Top of Information provided

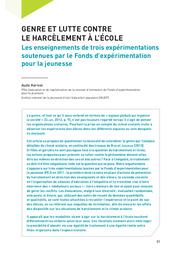 Education & Formations : L'égalité entre les filles et les garçons, entre les femmes et les hommes, dans le système éducatif : Volume 2 – suite du n° 96.- n° 97, sept. 2018. article 2, Genre et lutte contre le harcèlement à l’école. Les enseignements de trois expérimentations soutenues par le Fonds d’expérimentation pour la jeunesse / Aude Kerivel
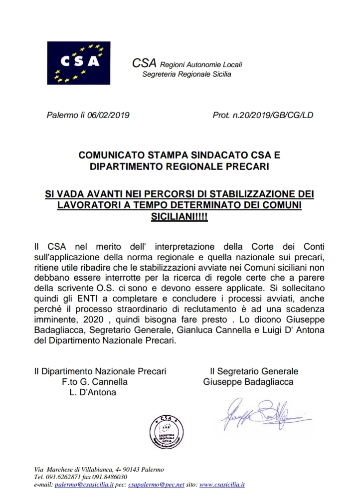 #csasindacatodelfare Navigazione articoli Interviste del Segr. Provinciale CSA Gianluca Cannella e del Segr. Generale Aggiunto CSA Nicola Scaglione CSA-CGIL-UIL, comunicato stampa post seduta consiglio comunale con l’intervento del Sindaco sui rilievi del MEF.
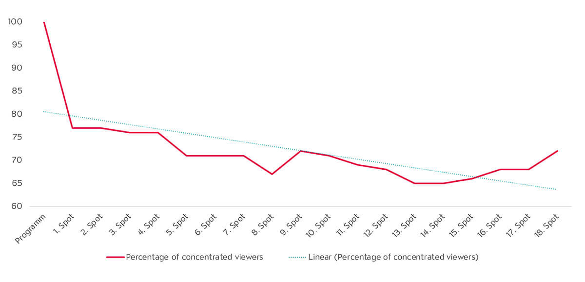 Perhaps one of the most important impact criteria is whether or not advertising is remembered: the collected recall values correspond to the differences in the length of the ad break, the advertising impression and the level of attention.
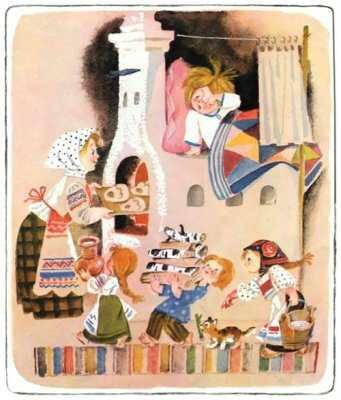 Баба Зоя взяла крылышко и быстрыми движениями начала обмазывать булки, калачи, рулеты. А прабабушка резво отправляла их в русскую печь, приговаривая: "Подрумянься, бочок, зарумянься, другой. Девчёнки, закиньте дровишек-то, да не жалейте, цельну охапку берите! Зарумянься, бочок, подрумянься, другой".
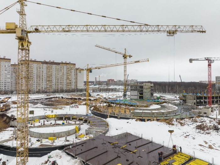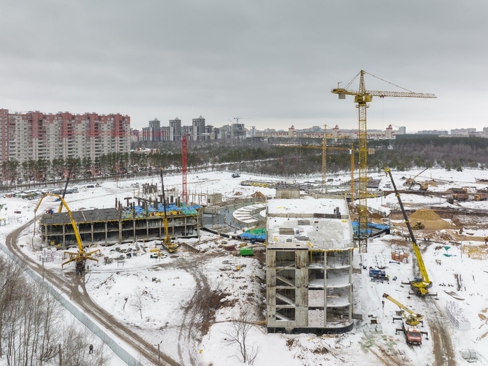 Фундаменты 7 блоков зданий готовы, строители начинают возводить стены и делать перекрытия. Земельные работы идут по двум спортивным блокам. Готова котельная, осталось провести наладочные работы. В апреле начнется возведение инженерных сетей.
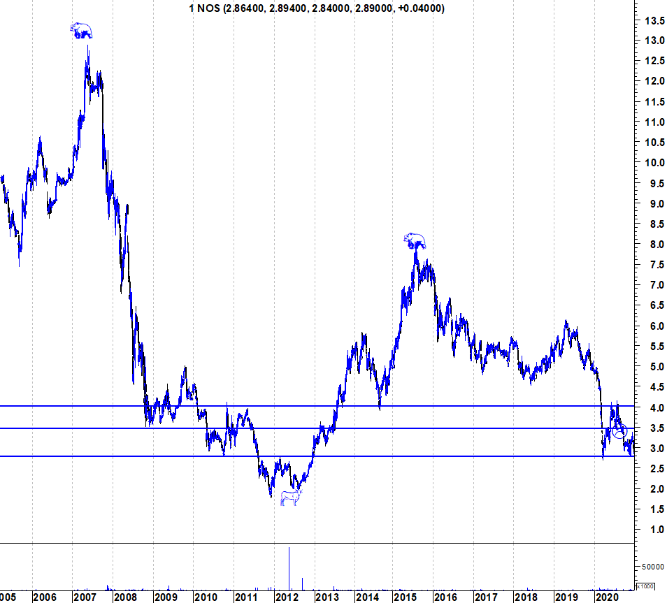 Ulisses, peguei no teu grafico de muito longo prazo (desculpa a copia, mas não tenho acesso a dados tão antigos) e creio que podemos dizer que existe um suporte referência junto ao valor atual (2.7) que pode ser referência (a preto). Apesar de ser de muito longo prazo, acho que pode ter alguma relevância, mais com o RSI a entrar em zona de oversold.
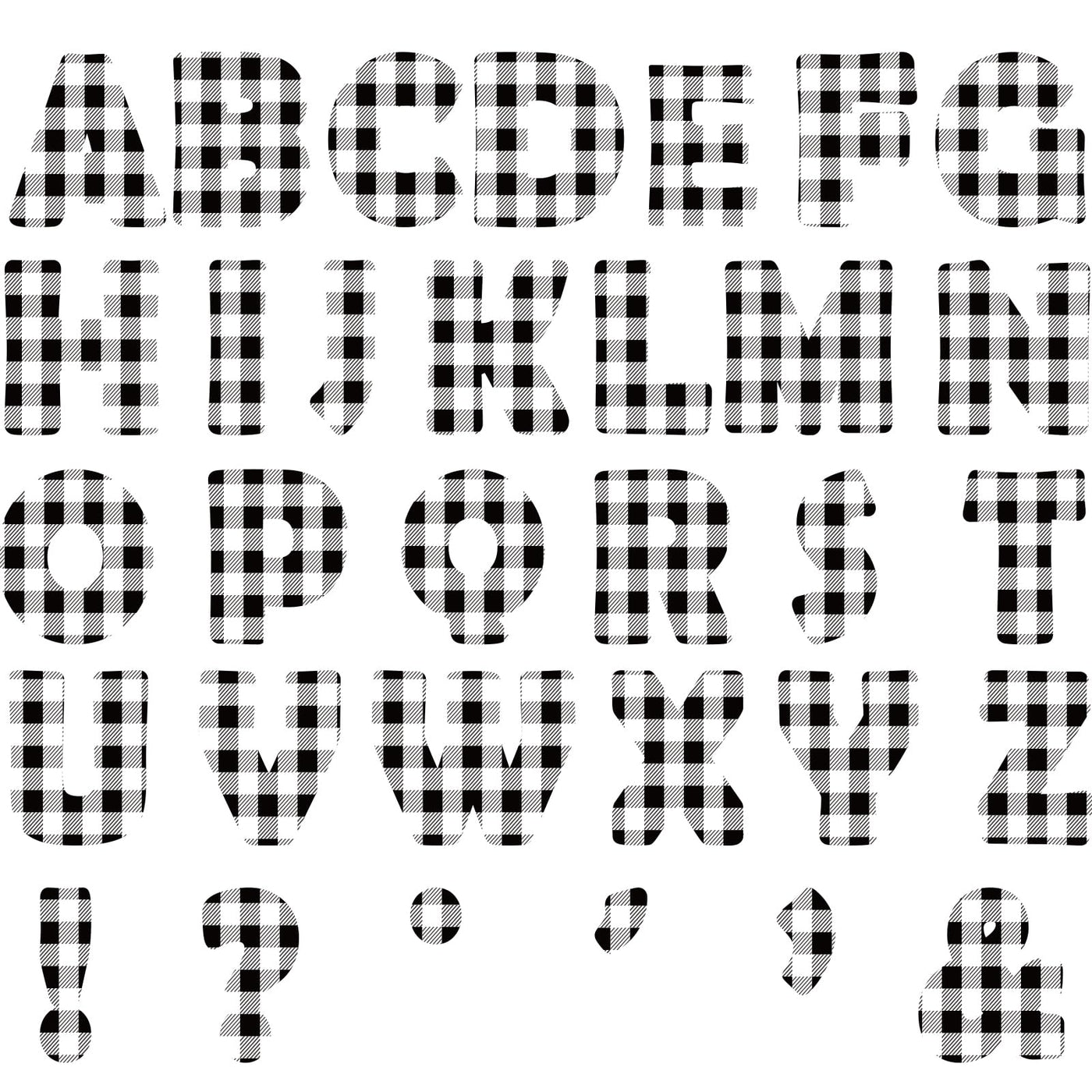 Qyeahkj 150 Pcs Large 7' Font Bulletin Board Letters Punctuation Cutout Combo Black White Checkered Border Letter Decoration For Classroom Alphabet Poster Wall Bulletin Board Display Home School Decor Letters For Poster Board Are Great For Decorating Your Home, Office, School, Classroom And So On, To Add Eye Catching Atmosphere, And You Can Play With Preschoolers, Spelling Words And Phrases, And Let Them Learn More About Letters And Punctuation. Specifications: Material: Copperplate Paper Size: 7' Color: Black, White Package Includes: 118 X Capital Letters 32 X Punctuation Marks 200 X Glue Points

Bottom of Information provided

The first line of the entries, the line containing "#csasindacatodelfare Navigazione articoli", and every line between them are to be output exactly; pictures are not.

▶ _Answer box_
 Education & Formations : L'égalité entre les filles et les garçons, entre les femmes et les hommes, dans le système éducatif : Volume 2 – suite du n° 96.- n° 97, sept. 2018. article 2, Genre et lutte contre le harcèlement à l’école. Les enseignements de trois expérimentations soutenues par le Fonds d’expérimentation pour la jeunesse / Aude Kerivel
 #csasindacatodelfare Navigazione articoli Interviste del Segr. Provinciale CSA Gianluca Cannella e del Segr. Generale Aggiunto CSA Nicola Scaglione CSA-CGIL-UIL, comunicato stampa post seduta consiglio comunale con l’intervento del Sindaco sui rilievi del MEF.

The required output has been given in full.